Hi, I have an idle question. I come from Rails and noticed that Hanami similarly has a resources route method that will create a route for a destroy action, even though the HTTP action is DELETE. The getting started guide for Hanami even provides pseudo-code for a Delete action, although in my experience that’s erroneous and requires a Destroy action instead.
I’m mostly curious if this is some kind of standard web convention that I’ve just taken for granted all my life, or if it’s maybe a relic of an older iteration of this framework.
I’m not on the core team, nor can I speak to the reasoning behind how `resources` was implemented but the use of `destroy` instead of `delete` is a constant source of frustration for me. It’s also why I haven’t used the `resources` feature for any resource that needs a delete action because this mapping is so awkward.
Prior to the introduction of the `resources` feature, your routes would use `delete` (not `destroy`) as it’s a wonderful logical mapping and true to the HTTP specification. Being able to think in terms of HTTP verbs is something I relished coming to Hanami after using Rails for many years. Unfortunately, with the introduction of the `resources` feature, that was taken away.
If I had my druthers, I’d love to see a future version of Hanami where this was fixed so that you can think of your routes and corresponding actions as “deletes”. Then everything becomes a straightforward one-to-one mapping.
This is a good observation, thank you for raising it, @Buzzkill-McSquare!
When I first shepherded this resources DSL through, my thinking regarding the delete/destroy combo was “one less unfamiliar thing to Rails developers, probably a net positive.”
What’s far more valuable than my hunch at a moment in time, however, is real feedback from our users! Given your question, and @bkuhlmann’s input too, I’m inclined to agree with you both. “Destroy” as a name might make sense when that’s the key ActiveRecord method you call from that endpoint, but we don’t use ActiveRecord here, and parity with the HTTP verb is a much stronger position.
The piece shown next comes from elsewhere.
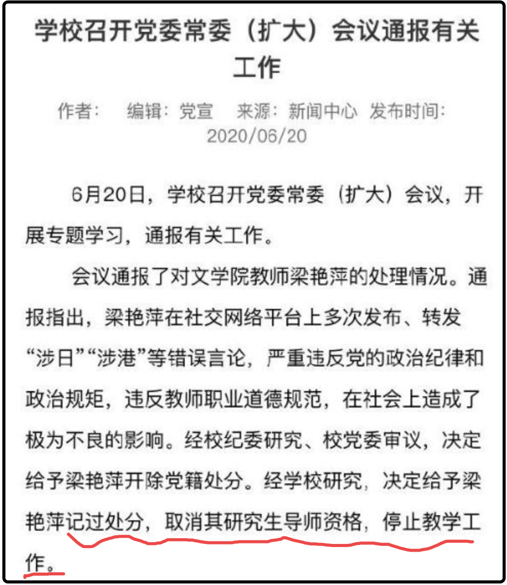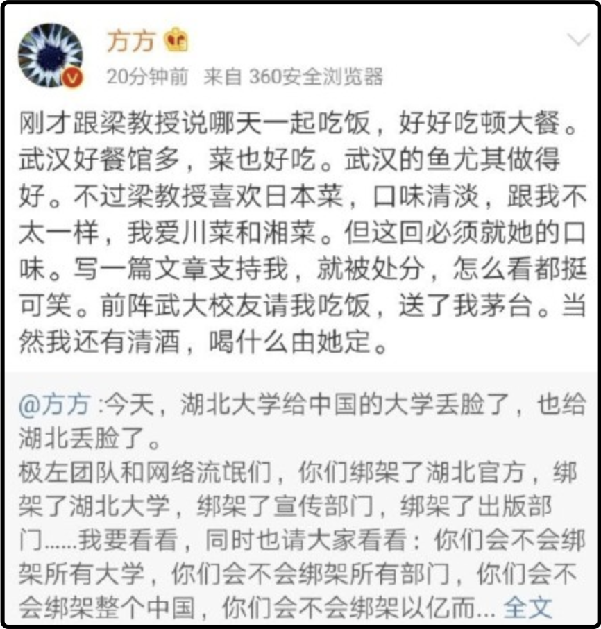 也就是说,其他相应的福利待遇并不变,就是不再从事教学工作了而已。此外,针对网友们曝光的该校其他相关“问题人员”,校方至今依旧只字未提。正如网友们所质疑的那样,这样的处罚看起来显得太“轻描淡写”了,一个公然支持叛国分子的教授、一个公然为日军侵华唱赞歌的教授、一个长期给学生灌输精日思想的教授、一个歌颂法西斯精神的教授、一个学着侵略者高喊同胞是“支那”的教授,居然只是简简单单的“停职”而已。如此宽宏,未免也显得“辱国”成本过于低廉了吧?!低廉得以至于梁艳萍的蜜友方方,在事后仍旧大张旗鼓地秀自己与当事人“不痛不痒”的状态,甚至不忘继续挖苦社会大众、绑架社会良知。

The resources DSL has only been in place for 6 months. I think we could probably withstand a change to its generated routes. I’ll chat with the team and see if we can find a way forward here. If either of you have suggestions about this, I’d be happy to hear it too
This is my first real foray into the “Ruby but not Rails” world so I’m still learning what’s core vs. what’s added by the Rails framework, but I wonder if you could support both where destroy becomes an alias of delete? That’d reduce onboarding friction for those developers whose muscle memory is to reach for destroy while keeping delete as the accurate path.
Then again, if the tool is still so young then maybe sticking to a strong opinion and enforcing delete is the way to go? Hopefully a breaking change like that won’t impact too many systems right now.
I like “destroy” because it lets the set of HTTP verbs and action names be completely distinct. If we name it “delete” then e.g. DELETE → Delete action, and there’s overlap. DELETE is also a SQL statement but there are plenty of cases where the ‘destroy’ action is doing something other than a SQL DELETE, e.g. logging out, soft-deletes, two-phase deletion, marking something as ‘canceled’.
The HTTP verb and SQL commands are out of our control, so having a distinct name to signal that we’re triggering a domain action that may not be a SQL DELETE is useful. “destroy” is clearly not an HTTP verb and also clearly not a SQL statement. Especially for people new to web apps, this can be a useful distinction.
In Rails they end up calling #destroy instead of #delete, to trigger callbacks. But this applies for us too, where the domain action may very well do something other than just a SQL DELETE.
Thank you @cllns, this is a convincing case. I’m convinced, anyway.
If you’ll allow me to re-present it: resource routing, as we offer it, presents a certain domain modelling for the actions. This is its main benefit as a convenience—follow the model and you reduce toil and achieve cleaner routes files. “Destroy” is the name chosen for that particular action within the domain model. “Update” is another, and it’s worth noting that we don’t try and call those actions “Patch”, even though that is the HTTP verb for their routes.
So given this is already a released feature, I think it’s best we leave this as it is. As a user of resource routes, you can learn the mappings once, and as you use them throughout your app, they’ll quickly become second nature.
These are good arguments all around! @cllns makes a good case and @timriley you’re right that there’s already precedent. This is the conversation that I needed to have when I started thinking too hard about it last night!